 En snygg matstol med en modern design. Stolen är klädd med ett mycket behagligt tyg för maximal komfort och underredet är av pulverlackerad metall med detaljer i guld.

---

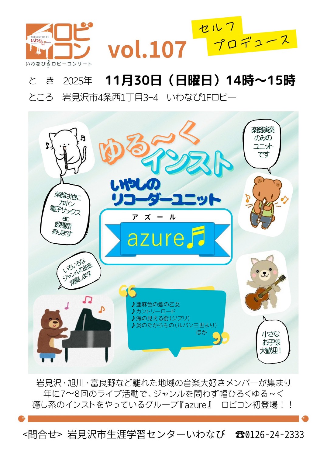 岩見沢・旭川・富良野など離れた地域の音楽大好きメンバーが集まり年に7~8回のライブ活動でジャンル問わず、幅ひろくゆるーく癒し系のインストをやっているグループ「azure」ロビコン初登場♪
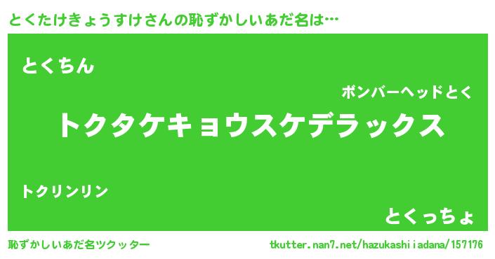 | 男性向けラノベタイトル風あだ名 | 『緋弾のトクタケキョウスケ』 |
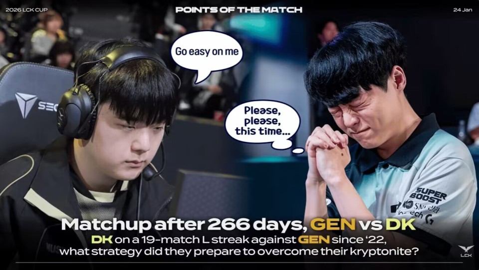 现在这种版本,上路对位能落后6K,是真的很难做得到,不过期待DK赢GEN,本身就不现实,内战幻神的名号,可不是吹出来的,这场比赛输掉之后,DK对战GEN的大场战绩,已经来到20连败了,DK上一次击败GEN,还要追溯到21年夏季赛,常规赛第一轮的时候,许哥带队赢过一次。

-- WORK INSTRUCTIONS --
From the records above, return exactly the lines running from the one that contains "男性向けラノベタイトル風あだ名 | 『緋弾のトクタケキョウスケ』 |" down to the one that contains "现在这种版本,上路对位能落后", both included, without any pictures.

-- REPLY TO THE TASK --
 | 男性向けラノベタイトル風あだ名 | 『緋弾のトクタケキョウスケ』 |
 现在这种版本,上路对位能落后6K,是真的很难做得到,不过期待DK赢GEN,本身就不现实,内战幻神的名号,可不是吹出来的,这场比赛输掉之后,DK对战GEN的大场战绩,已经来到20连败了,DK上一次击败GEN,还要追溯到21年夏季赛,常规赛第一轮的时候,许哥带队赢过一次。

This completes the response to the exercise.